Let’s see it in action. First, install the darn thing: pip install ftfy regex tqdm torch torchvision and pip install git+https://github.com/openai/CLIP.git.

import torch
import clip
from PIL import Image

# Load the model and the preprocessing pipeline
device = "cuda" if torch.cuda.is_available() else "cpu"
model, preprocess = clip.load("ViT-B/32", device=device)  # 'ViT-B/32' is a good default

# Load and preprocess your image
image = Image.open("your_corgi_photo.jpg")
image_input = preprocess(image).unsqueeze(0).to(device)  # Add a batch dimension

# Define your candidate labels. Be creative, this is the magic.
text_labels = ["a photo of a corgi", "a photo of a cat", "a photo of a dog", "a diagram", "a painting of a landscape"]
# Tokenize them and move to device
text_inputs = clip.tokenize(text_labels).to(device)

# Get features from both encoders
with torch.no_grad():
    image_features = model.encode_image(image_input)
    text_features = model.encode_text(text_inputs)

# Calculate similarity: softmax over cosine similarities
logit_scale = model.logit_scale.exp()  # Learned parameter to scale the logits
logits_per_image = logit_scale * image_features @ text_features.t()
probs = logits_per_image.softmax(dim=-1).cpu().numpy()

# Print results
print("Label probabilities:")
for label, prob in zip(text_labels, probs[0]):
    print(f"{label}: {prob:.4f}")

The Art of the Prompt: Your New Superpower

You’ll notice I didn’t just use “corgi”, I used “a photo of a corgi”. This is the single most important trick with CLIP. The text encoder was trained on natural language captions from the web, not on single words. “a photo of a corgi” is a much better match for its training data than just “corgi”. The choice of prompt has a massive impact on accuracy.

This is both a feature and a rough edge. You have to prompt-engineer, almost like you would for a language model. For ImageNet, the paper found “a photo of a {label}, a type of pet” works better than just the label. It’s absurd that we have to guess this, but it works. Best practice? Ensemble your prompts. Try several related prompts (“a photo of a corgi”, “a cute corgi”, “a pembroke welsh corgi”) and combine the results. It makes the system far more robust.

Common Pitfalls and Where CLIP Stumbles

CLIP is not a panacea. It has biases, blind spots, and can be hilariously wrong.

Data Biases: It was trained on internet data. The internet is a messed-up place. CLIP will inherit all its biases, from over-representing Western concepts to reinforcing gender and racial stereotypes. You must test your application thoroughly for these failures.
Abstract Concepts: It’s great at concrete objects (“dog”, “car”) but can struggle with abstract concepts (“freedom”, “melancholy”) or complex relational tasks (“is the person pointing at the dog?”). Its understanding is often superficial.
Fine-Grained Details: It’s not great at counting things or reading super fine text in images. Don’t use it as an OCR engine.
The “Unknown Unknown”: It will always give you an answer, even if it’s completely wrong. The probability distribution over your labels might look confident even when the image is nothing like any of them. There’s no inherent “I don’t know” signal. You might need to set a minimum similarity threshold to handle this.

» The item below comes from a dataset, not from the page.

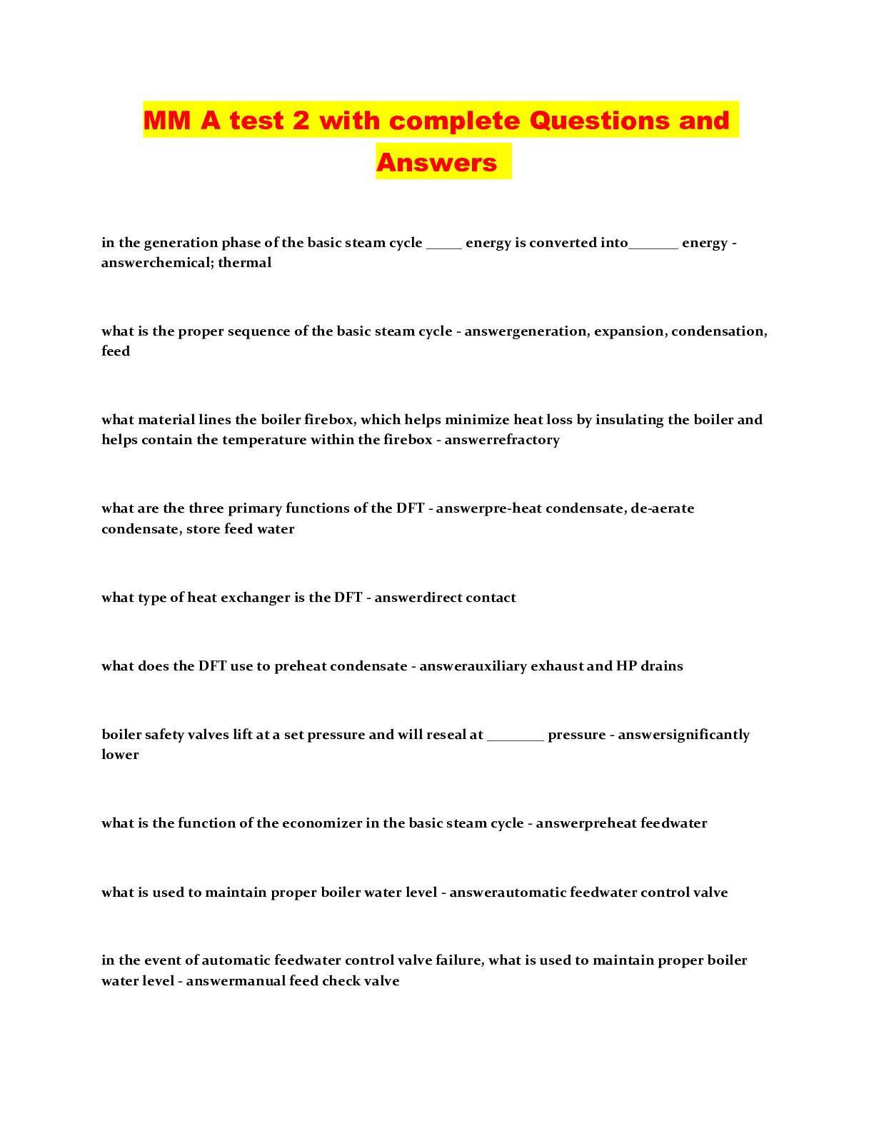 Management > QUESTIONS & ANSWERS > MM A test 2 with complete Questions and Answers (All)

Despite its quirks, CLIP is a foundational model. It’s the backbone of image generation models (like DALL-E and Stable Diffusion, which use it for guidance), revolutionary zero-shot classifiers, and powerful image retrieval systems. It taught us that pairing vision and language through contrastive learning is one of the most effective ways to build a general-purpose visual understanding machine. Now go prompt it wisely.